Although AIREMLF90 is designed to handle the first case, the program can also handle the second case with a trick. We will see both cases with a numerical example in REML. GIBBS3F90 (and THRGIBBS3F90) supports the second case.
Model
In this example, we asuume the following model: \[ y_{ijkl} = F_{i} + S_{j} +Y_{k} + u_{l} + e_{ijkl} \] where \(y_{ijkl}\) is the observation, \(F_{i}\) , \(S_j\), and \(Y_k\) are the fixed effects, \(u_l\) is the additive genetic effect and \(e_{ijkl}\) is the residual effect. The residual variance is defined as the following function \[ \sigma_e^2 = \exp(b_0 + b_1 x_{ijkl}) \] where \(b_0\) and \(b_1\) are the regression coefficients to account for the residual variance and \(x_{ijkl}\) is the covariate measured with the observation \(y_{ijkl}\). The model is based on Foulley and Quaas (1995). AIREMLF90 will estimate \(b_0\) and \(b_1\) with user-supplied \(x_{ijkl}\).
Data
In this section, we will use simulated files similar to the previous section. You can download the files from Github.
simdata2.txt
: data filesimped2.txt
: pedigree file
The pedigree file contains 3 columns: animal, sire, and dam. The data file has 12 columns as described below.

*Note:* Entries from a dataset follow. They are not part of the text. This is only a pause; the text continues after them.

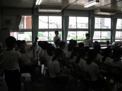 午前の協議の練習を終え、それぞれの教室でお弁当を食べました。その後、応援の練習を各教室で行いました。
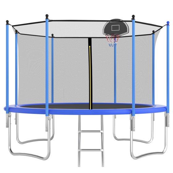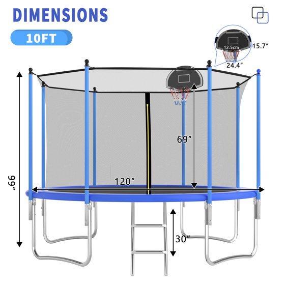Ovatoys 1000LBS 10FT Trampoline for Adults and Kids,Trampoline with Enclosure,Basketball Hoop, Recreational Trampoline with Ladder, Heavy Duty Trampoline Capacity for 5-6 Kids
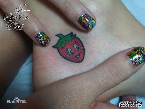 微笑的草莓纹身——2009年7月份,凯特佩里特地前往纹身店纹的,位于其左脚踝内侧,这个微笑的草莓纹身是用来纪念自己之前的15个月的美好时光。
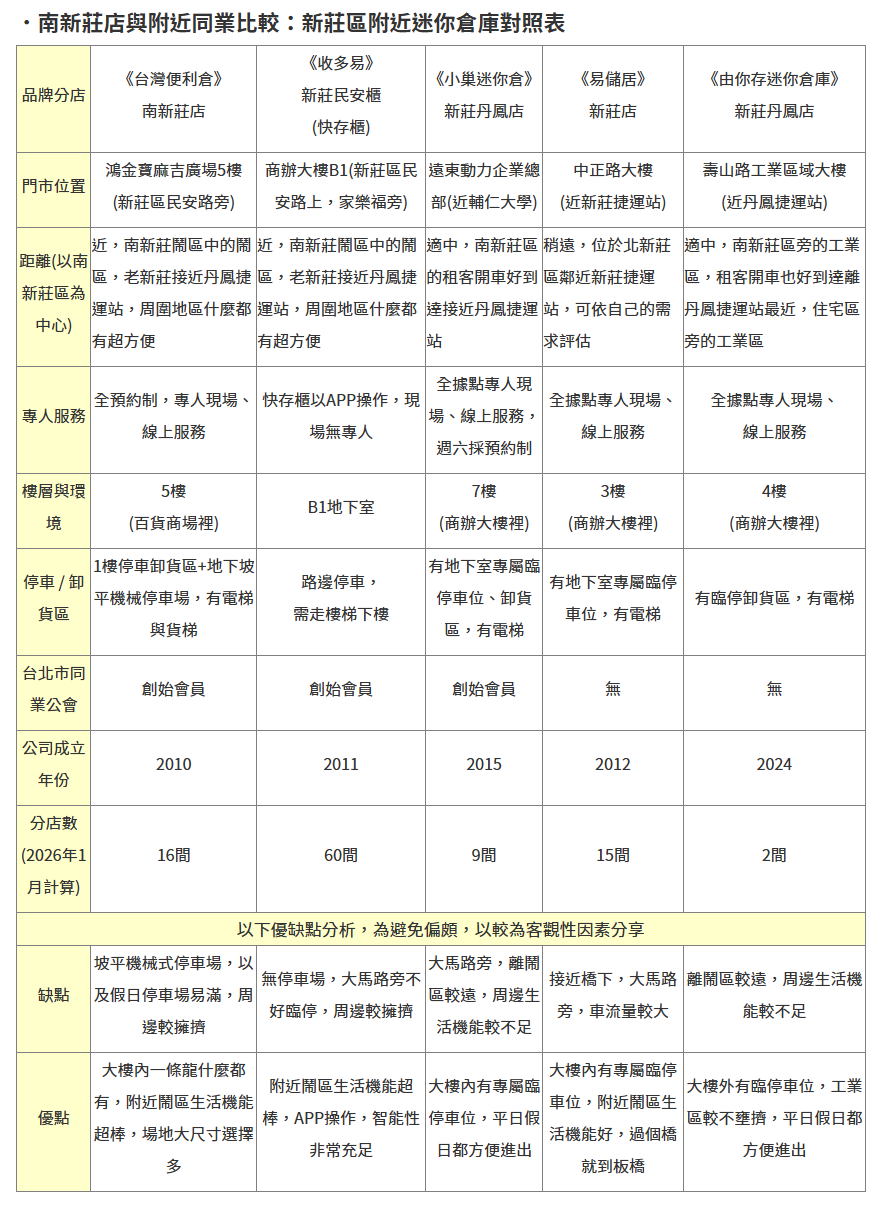 .南新莊店與附近同業比較:新莊區附近迷你倉庫對照表
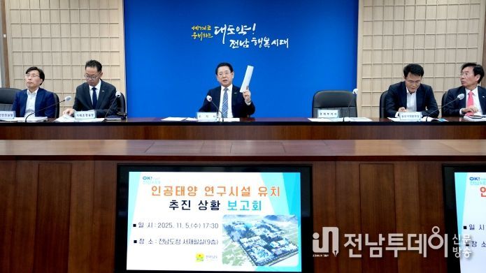 전남투데이 김용희 기자 | 전라남도는 5일 도청 서재필실에서 ‘인공태양 연구시설 유치 공모 추진상황 보고회’를 개최하고, 정부의 유치 공모에 대응하기 위한 전략과 추진상황을 점검했다.
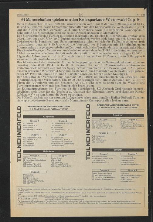 Beim 9. Ahrbacher Hallen-Fußball-Turnier spielen vom 7. bis 9. Januar 1994 insgesamt 64 C-, B- und A-Junioren- sowie Seniorenmannschaften um den Kreissparkasse Westerwald Cup '94. Auf die Sieger warten wertvolle Geld- und Sachpreise sowie die begehrten Wanderpokale. Schauplatz des Geschehens sind die beiden Kreissporthallen in Montabaur.
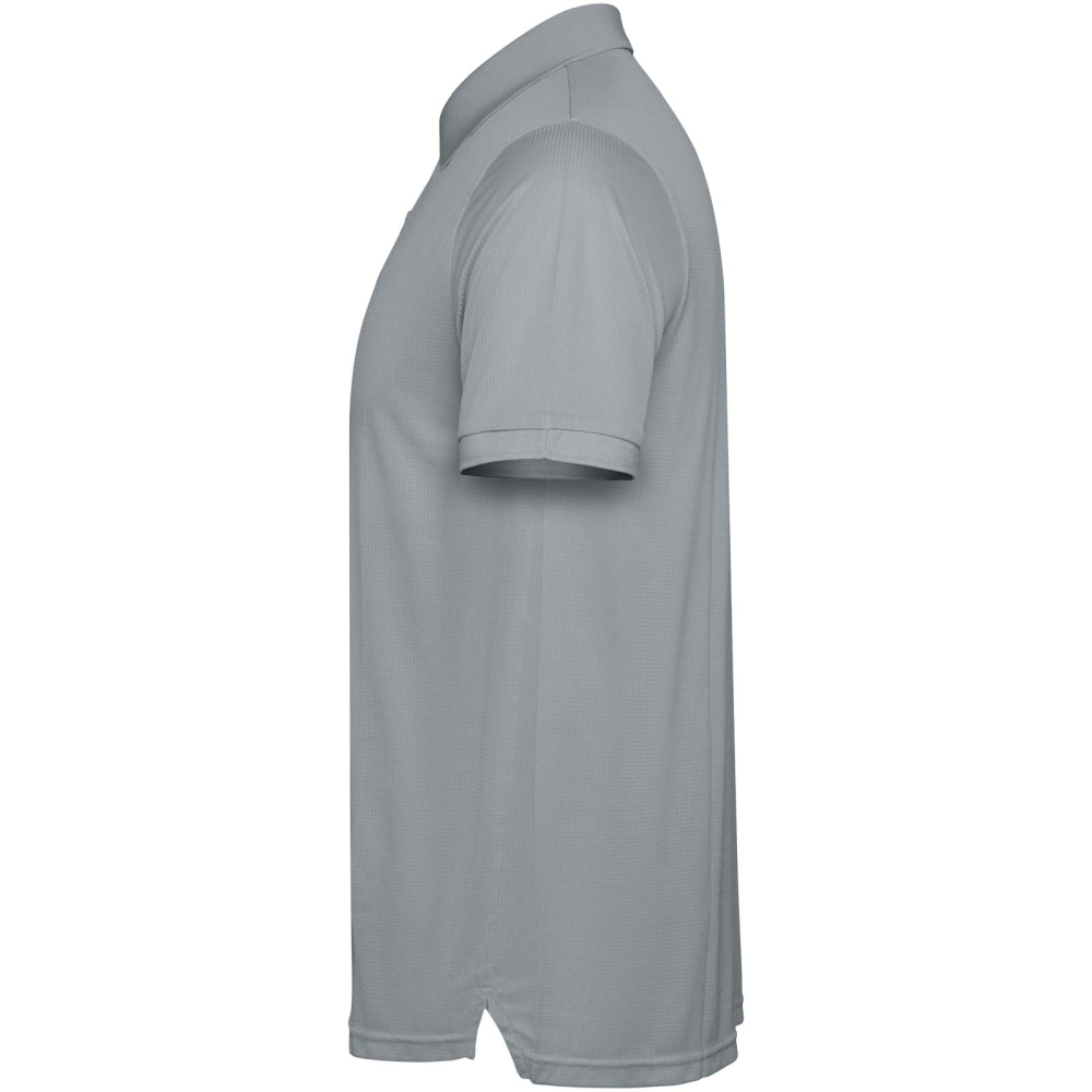 Short-sleeve polo shirt for men. Reinforced covered seams in interior collar. 1x1 ribbed cuffs and collar. Side seams. 3-button placket and side slits.
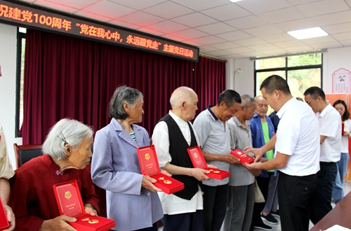 随后,村两委和驻村工作队干部为光荣在党50年的老党员颁发荣誉证书和纪念奖章。“这是组织对我这50余年奋斗的充分肯定,感谢组织对我们这些老党员的关怀。”有着53年党龄的蹇俊儒同志激动地说,“今后我一定会不忘初心、牢记使命,继续发挥余热,支持村里工作,为党的事业奋斗终身!”
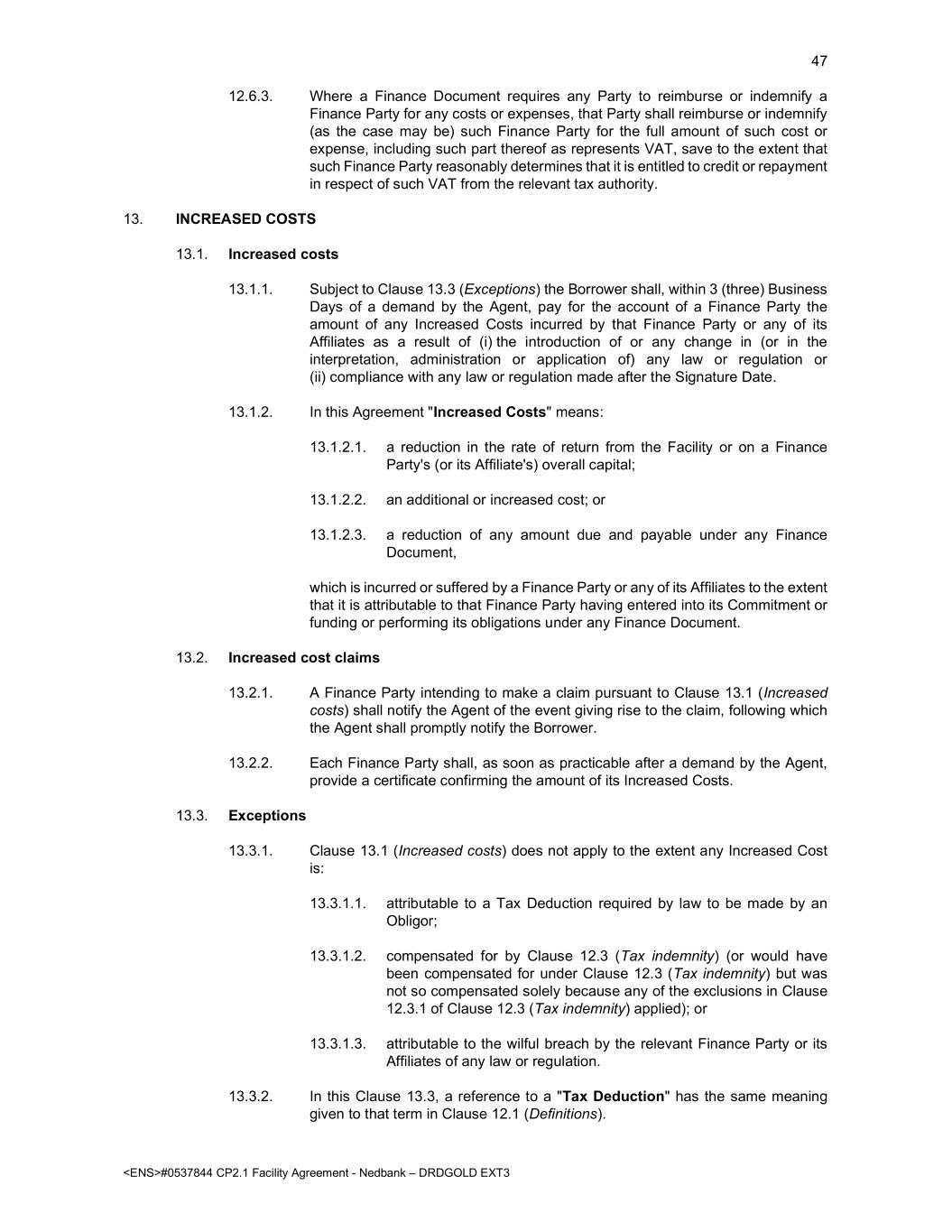 47 <ENS>#0537844 CP2.1 Facility Agreement - Nedbank – DRDGOLD EXT3 12.6.3. Where a Finance Document requires any Party to reimburse or indemnify a Finance Party for any costs or expenses, that Party shall reimburse or indemnify (as the case may be) such Finance Party for the full amount of such cost or expense, including such part thereof as represents VAT, save to the extent that such Finance Party reasonably determines that it is entitled to credit or repayment in respect of such VAT from the relevant tax authority. 13. INCREASED COSTS 13.1. Increased costs 13.1.1. Subject to Clause 13.3 (Exceptions) the Borrower shall, within 3 (three) Business Days of a demand by the Agent, pay for the account of a Finance Party the amount of any Increased Costs incurred by that Finance Party or any of its Affiliates as a result of (i) the introduction of or any change in (or in the interpretation, administration or application of) any law or regulation or (ii) compliance with any law or regulation made after the Signature Date. 13.1.2. In this Agreement "Increased Costs" means: 13.1.2.1. a reduction in the rate of return from the Facility or on a Finance Party's (or its Affiliate's) overall capital; 13.1.2.2. an additional or increased cost; or 13.1.2.3. a reduction of any amount due and payable under any Finance Document, which is incurred or suffered by a Finance Party or any of its Affiliates to the extent that it is attributable to that Finance Party having entered into its Commitment or funding or performing its obligations under any Finance Document. 13.2. Increased cost claims 13.2.1. A Finance Party intending to make a claim pursuant to Clause 13.1 (Increased costs) shall notify the Agent of the event giving rise to the claim, following which the Agent shall promptly notify the Borrower. 13.2.2. Each Finance Party shall, as soon as practicable after a demand by the Agent, provide a certificate confirming the amount of its Increased Costs. 13.3. Exceptions 13.3.1. Clause 13.1 (Increased costs) does not apply to the extent any Increased Cost is: 13.3.1.1. attributable to a Tax Deduction required by law to be made by an Obligor; 13.3.1.2. compensated for by Clause 12.3 (Tax indemnity) (or would have been compensated for under Clause 12.3 (Tax indemnity) but was not so compensated solely because any of the exclusions in Clause 12.3.1 of Clause 12.3 (Tax indemnity) applied); or 13.3.1.3. attributable to the wilful breach by the relevant Finance Party or its Affiliates of any law or regulation. 13.3.2. In this Clause 13.3, a reference to a "Tax Deduction" has the same meaning given to that term in Clause 12.1 (Definitions).
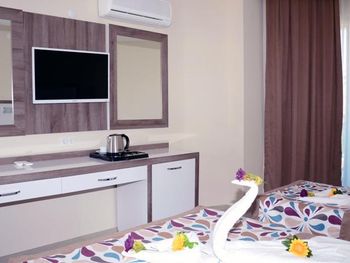 Отель хороший, в номере уютно несмотря на потёртости вещей. Персонал говорит на русском языке, все приветливые. Понравился также хамам с сауной. Отличные массажисты. Окна номера выходили на Memoş Restaurant. В 21.00 начиналась живая музыка. Поют отлично, от мирового рока (Metallica) до русского рока и поп. Поэтому приходилось не спать до 00.00, а петь и танцевать. Также в отеле божественное какао. Все виды коктейлей (алкогольные и без) за отдельную плату. Напитки бесплатно до 23.00. Еда также хороша, много сладостей и сыра. Пляж мин 5-7 ходьбы. Не далеко торговый центр. Спасибо всему персаналу за наш отдых!!!
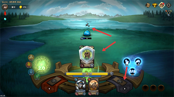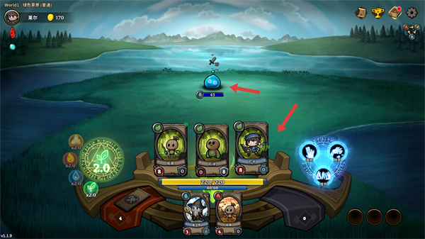 2、在綠色草原場景中利用手中的卡牌對戰藍色水滴怪物,合理選擇卡牌出戰推進戰斗進程獲取勝利。
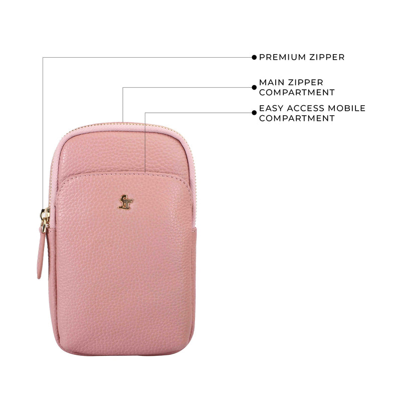 Hydra - Mobile Sling Bag for Women | Genuine Leather Mobile Pouch | Color: Pink, Blue & Peach
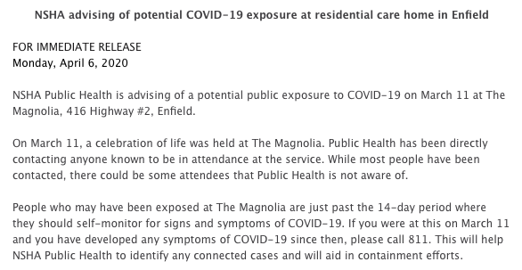 Just before Strang began speaking, the Nova Scotia Health Authority issued this alert:
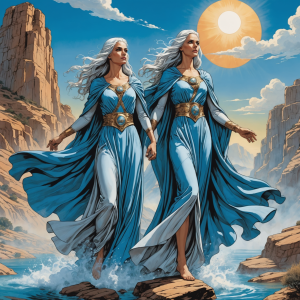 Zephyra, the elder of the two, is the embodiment of calm and gentle weather. She is often depicted as a serene figure with flowing robes that mirror the hues of a clear blue sky. Her long, silver hair cascades like a waterfall, and her eyes shimmer with the soft light of dawn. Zephyra is known for her compassion, often using her powers to bring soothing rains to drought-ridden lands or gentle breezes to cool the summer's heat.
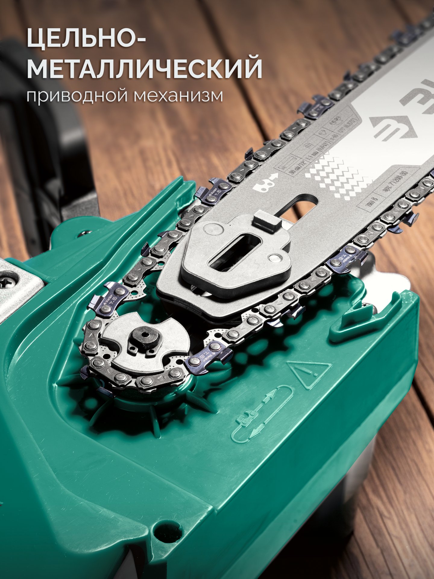 - Высокопроизводительная цепь с шагом 3/8 дюйма позволяет уверенно прорезать толстые ветки
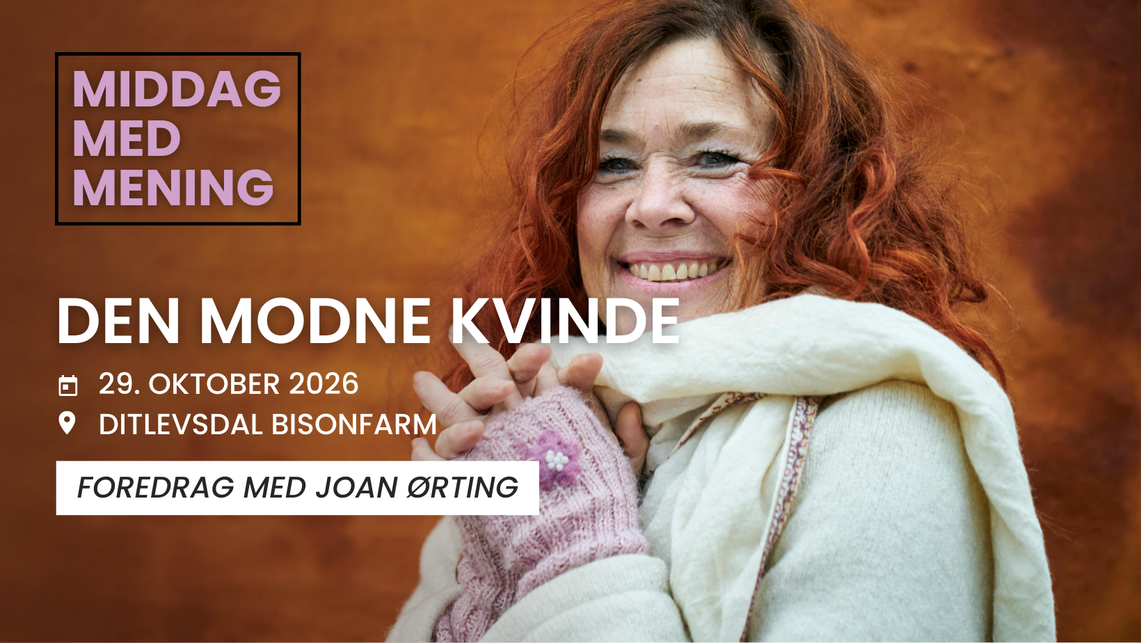 Kom til en inspirerende aften med Joan Ørting, hvor hun sætter fokus på overgangsalderen, kvindeliv og styrken i den modne kvinde
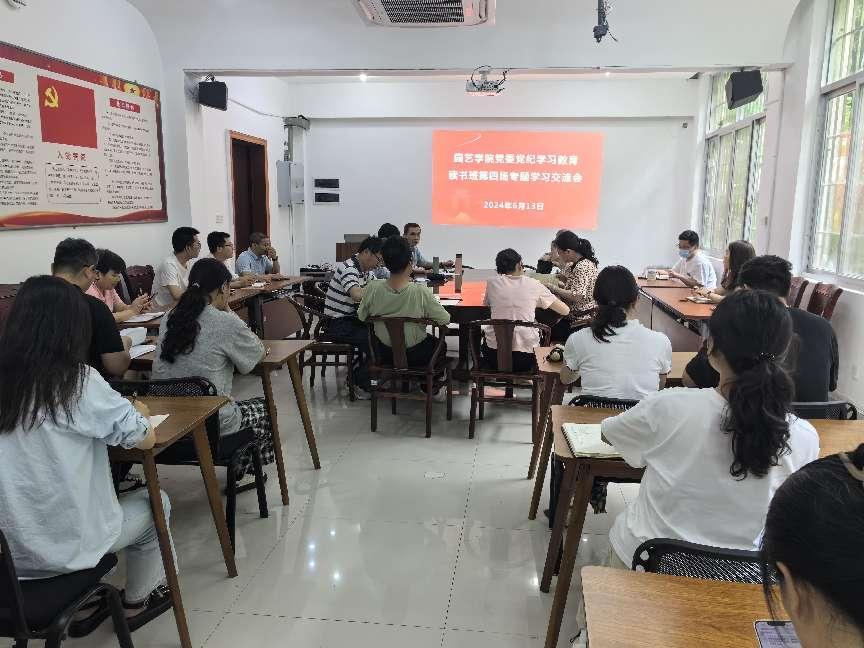 6月13日下午,园艺学院党委在学院会议室举行党纪学习教育读书班第四场专题交流会,专题学习工作纪律。会议由学院党委书记余顺兴主持,学院党委委员、纪委委员、党支部书记、科级干部参加学习。
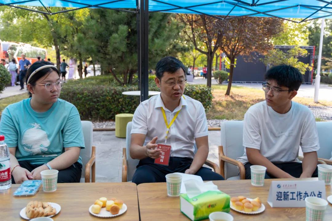 王進富與拔尖人才學生代表在迎新現(xiàn)場進行交流座談,他對同學們的到來表達了誠摯的歡迎,并親切詢問了大家的生源信息、所學專業(yè)和對未來的規(guī)劃,同時鼓勵同學們砥礪求知,學有所成。
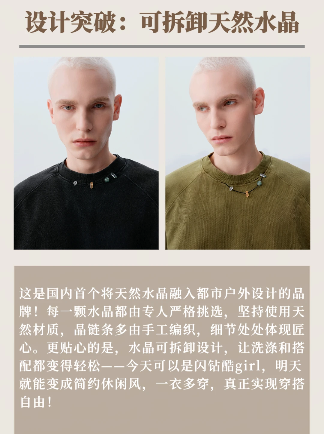 这是国内首个将天然水晶融入都市户外设计的品牌!每一颗水晶都由专人严格挑选,坚持使用天然材质,晶链条多由手工编织,细节处处体现匠心。更贴心的是,水晶可拆卸设计,让洗涤和搭配都变得轻松——今天可以是闪钻酷girl,明天就能变成简约休闲风,一衣多穿,真正实现穿搭自由!
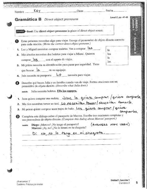 Unidad 4 Leccion 1 Gramatica B Answer Key Unidad 3 Leccion 1
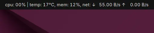Or set cpu: {cpu} | temp: {cputemp}, mem: {mem}, net: {net} to show CPU usage and temperature, memory usage and network upload/download speed, that will look like:

Column | Item | type | description |
---|---|---|---|
1 | Animal ID | integer | Same as in pedigree (4641 animals) |
2 | Sire ID | integer | Same as in pedigree |
3 | Dam ID | integer | Same as in pedigree |
4 | Weight | real | Not used here |
5 | Mu | integer | All 1: not used here |
6 | Farm | integer | Class effect (155 levels) |
7 | Sex | integer | Class effect (2 levels) |
8 | Year | integer | Class effect (11 levels) |
9 | Obs. 1 | real | Phenotype for trait 1 |
10 | Obs. 2 | real | Phenotype for trait 2 |
11 | Obs. 3 | real | Phenotype for trait 3 |
12 | Obs. 4 | real | Phenotype for trait 4 |
13 | Covariate | real | Related to residual variance |
14 | Class | integer | (Used in the next subsection) |
Column 13 contains a real value as a covariate. In this artificial data, the residual variance is expected to be larger as the covariate becomes larger. The 14th column contains the heterogeneous-residual-variance class (3 levels), and it will be used in the next subsection.
Parameter file
The following parameter file is used.
DATAFILE
simdata2.txt
NUMBER_OF_TRAITS
1
NUMBER_OF_EFFECTS
4
OBSERVATION(S)
9
WEIGHT(S)
4
EFFECTS:
6 155 cross
7 2 cross
8 11 cross
1 4641 cross
RANDOM_RESIDUAL VALUES
100
RANDOM_GROUP
4
RANDOM_TYPE
add_animal
FILE
simped2.txt
(CO)VARIANCES
100
OPTION hetres_pos 13
OPTION hetres_pol 4.5 0.5
The options define the model for heterogeneous residual variances.
OPTION hetres_pos
= the position of covariate \(x\) in the data file. Intercept \(b_0\) is implicitly considered in the program.OPTION hetres_pol
= the starting values for \(b_{0}\) and \(b_{1}\).- You should supply the values for all coefficients including intercept.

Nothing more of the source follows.